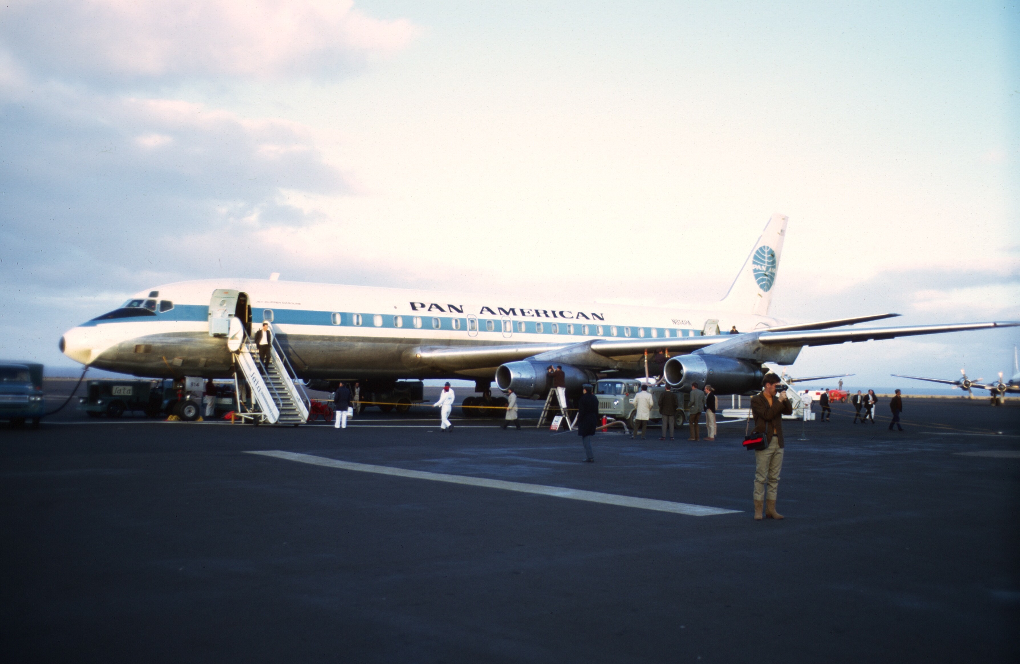 The Boeing 707 that brought Morocco X volunteers to Morocco. Taken at a mid-Atlantic stop in the Azores.
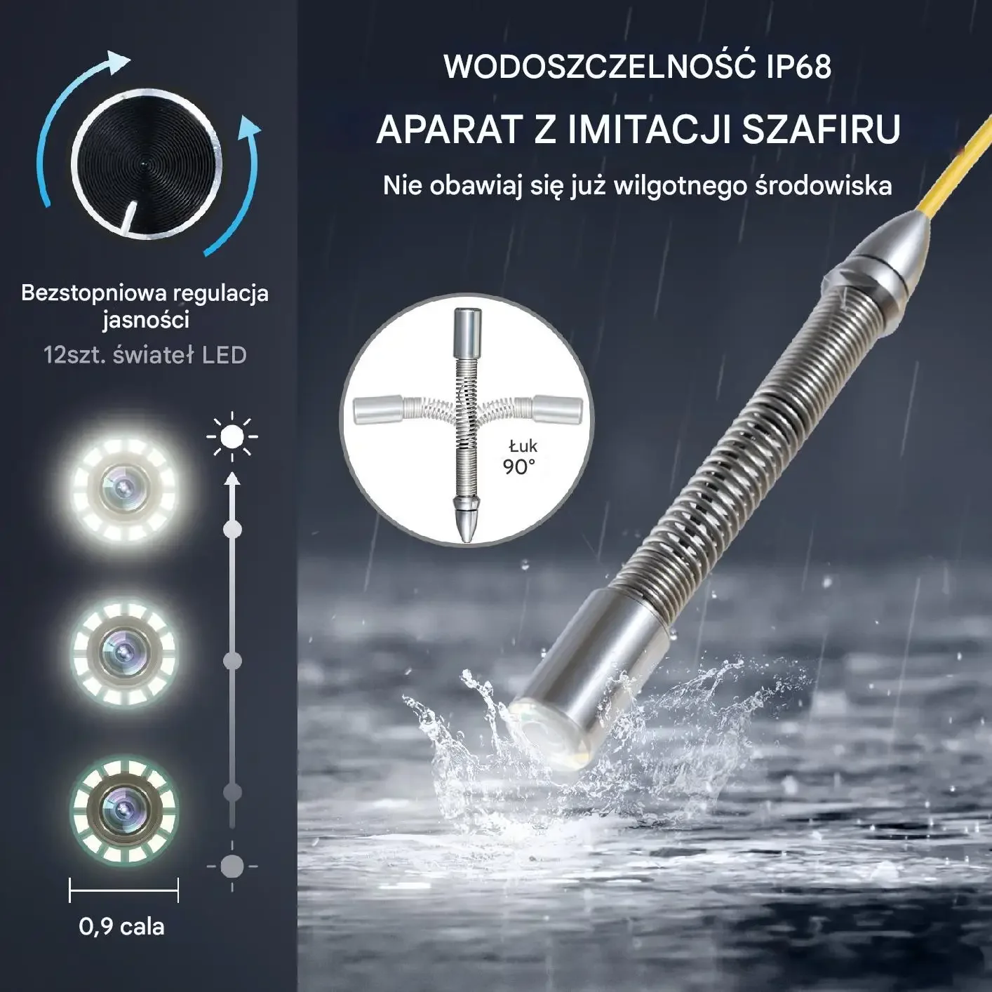 Bezstopniowa regulacja jasności. 12 sztuk świateł LED. Średnica głowicy kamery: 0,9 cala. Wodoszczelność IP68. Aparat z imitacji szafiru. Nie obawiaj się wilgotnego środowiska. Głowica z możliwością zgięcia pod kątem 90°.
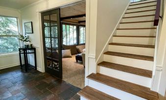 This was a great find! The property was very clean, check in easy and the property owners very responsive. It is a 5 minute walk to the beach (no pets allowed) and has a great view of the lake. We enjoyed the special touches such as the welcome basket, smores kit, and treats for the dogs.
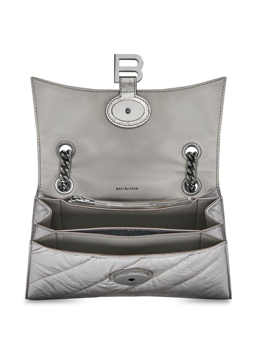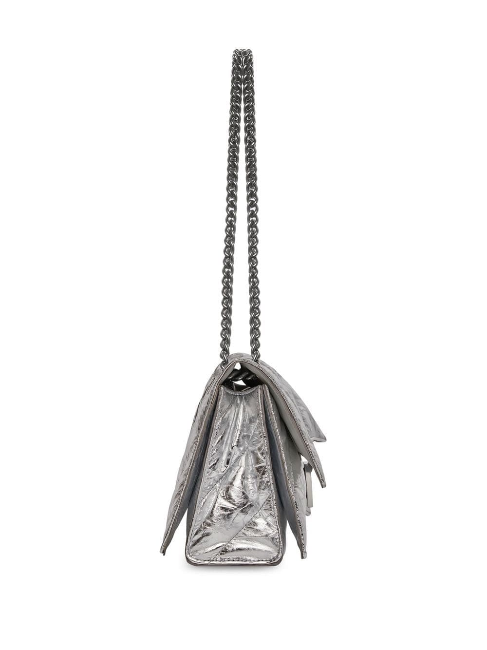 A new addition to Balenciaga's bag edit, the Crush Bag is defined by its curved shape and quilted finish. Held by a sliding chain strap, it is completed with the iconic B logo plaque on the front.
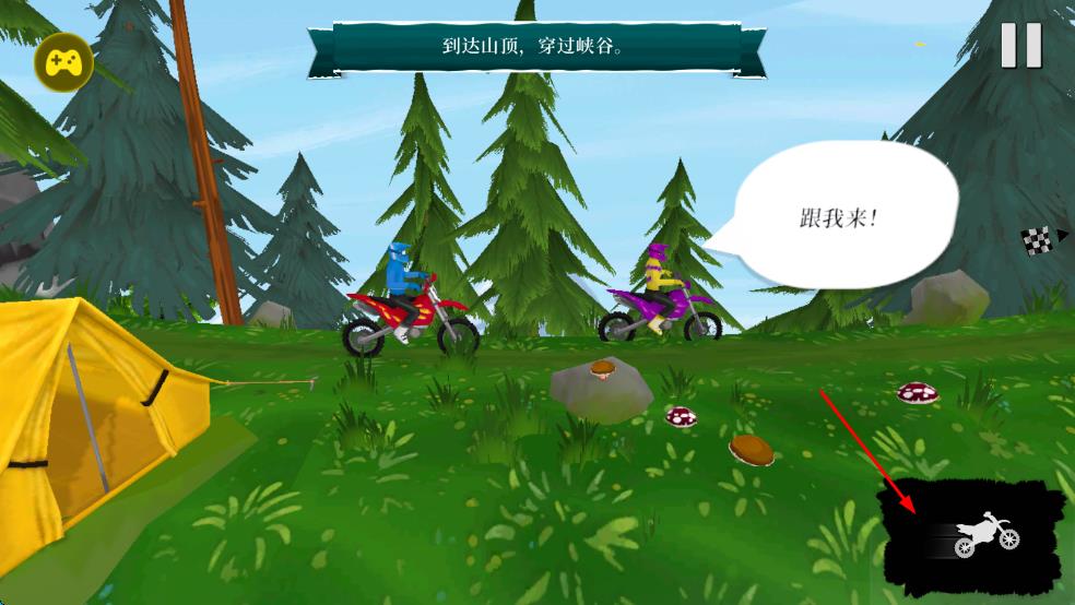 1、进入游戏后选择心仪的越野摩托,在起始点通过加速键让车辆疾驰,遇到前方坡道时迅速点击屏幕展开滑翔伞准备升空。
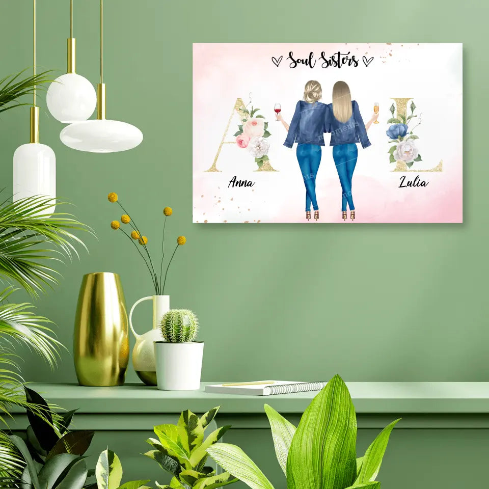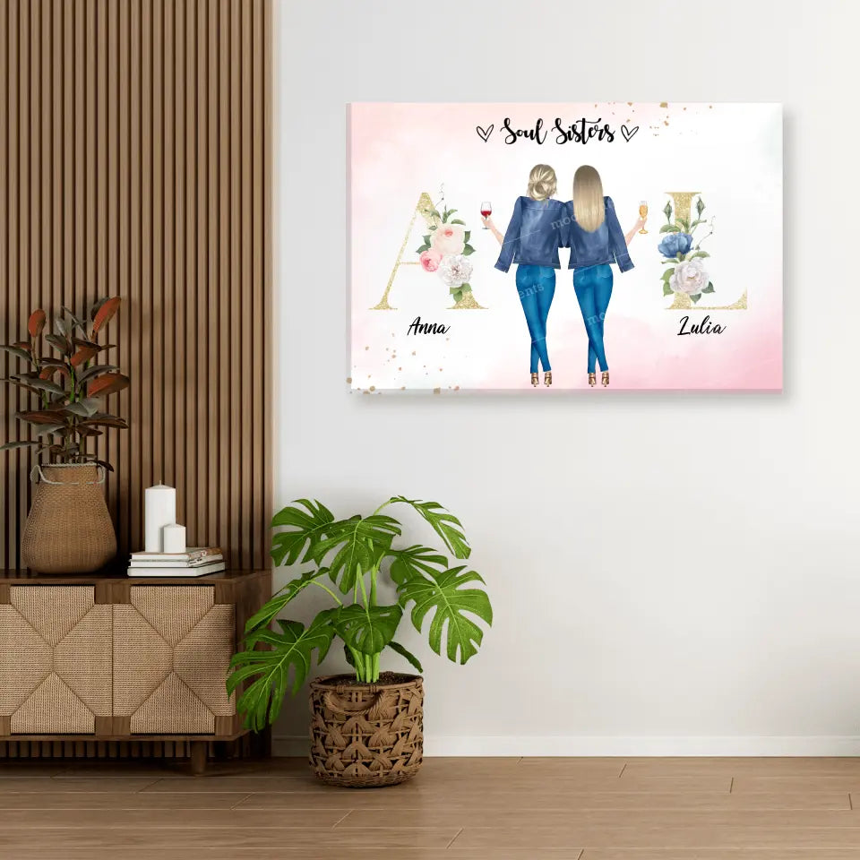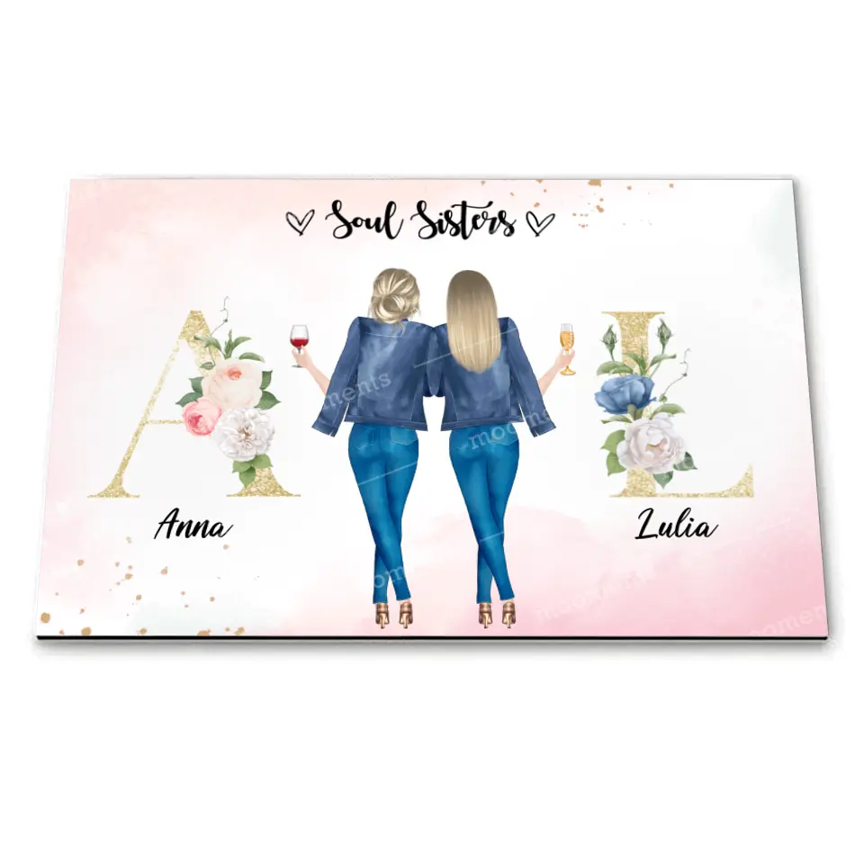2 Freundinnen mit geblümten Buchstaben - Alu-Dibond
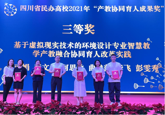 徐天春为四川省民办教育协会2021年“产教协同育人成果奖”获奖教师颁发荣誉证书
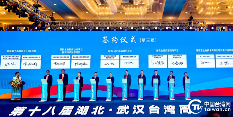 鄂臺企業(yè)家代表現(xiàn)場簽約。(中國臺灣網(wǎng)發(fā))
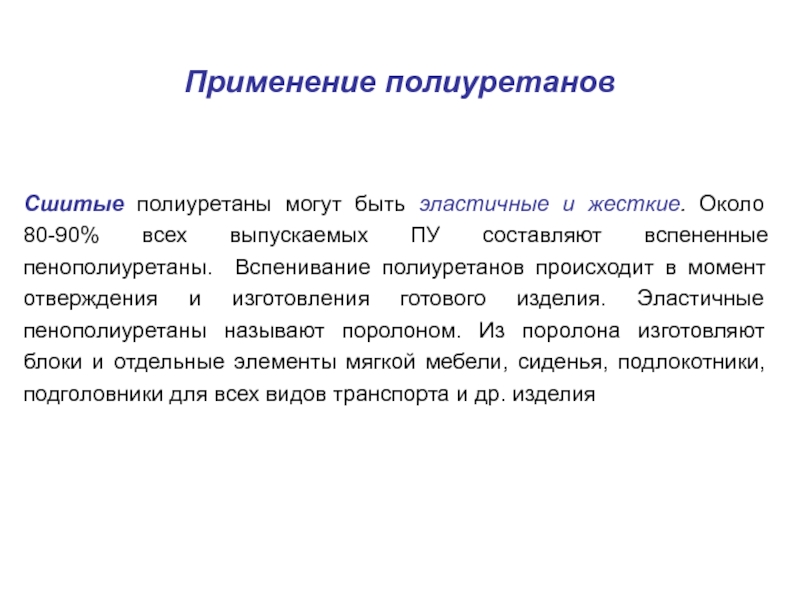в момент отверждения и изготовления готового изделия. Эластичные пенополиуретаны называют поролоном. Из поролона изготовляют блоки и отдельные элементы мягкой мебели, сиденья, подлокотники, подголовники для всех видов транспорта и др. изделия

* * * * *

**WORK INSTRUCTIONS**
Begin with the line that contains "Bezstopniowa regulacja jasności." and copy every line through the end of the listing, exactly as written, both ends included. Pictures are not part of the copy.

**COMPLETED EXERCISE**
 Bezstopniowa regulacja jasności. 12 sztuk świateł LED. Średnica głowicy kamery: 0,9 cala. Wodoszczelność IP68. Aparat z imitacji szafiru. Nie obawiaj się wilgotnego środowiska. Głowica z możliwością zgięcia pod kątem 90°.
 This was a great find! The property was very clean, check in easy and the property owners very responsive. It is a 5 minute walk to the beach (no pets allowed) and has a great view of the lake. We enjoyed the special touches such as the welcome basket, smores kit, and treats for the dogs.
 A new addition to Balenciaga's bag edit, the Crush Bag is defined by its curved shape and quilted finish. Held by a sliding chain strap, it is completed with the iconic B logo plaque on the front.
 1、进入游戏后选择心仪的越野摩托,在起始点通过加速键让车辆疾驰,遇到前方坡道时迅速点击屏幕展开滑翔伞准备升空。
2 Freundinnen mit geblümten Buchstaben - Alu-Dibond
 徐天春为四川省民办教育协会2021年“产教协同育人成果奖”获奖教师颁发荣誉证书
 鄂臺企業(yè)家代表現(xiàn)場簽約。(中國臺灣網(wǎng)發(fā))
в момент отверждения и изготовления готового изделия. Эластичные пенополиуретаны называют поролоном. Из поролона изготовляют блоки и отдельные элементы мягкой мебели, сиденья, подлокотники, подголовники для всех видов транспорта и др. изделия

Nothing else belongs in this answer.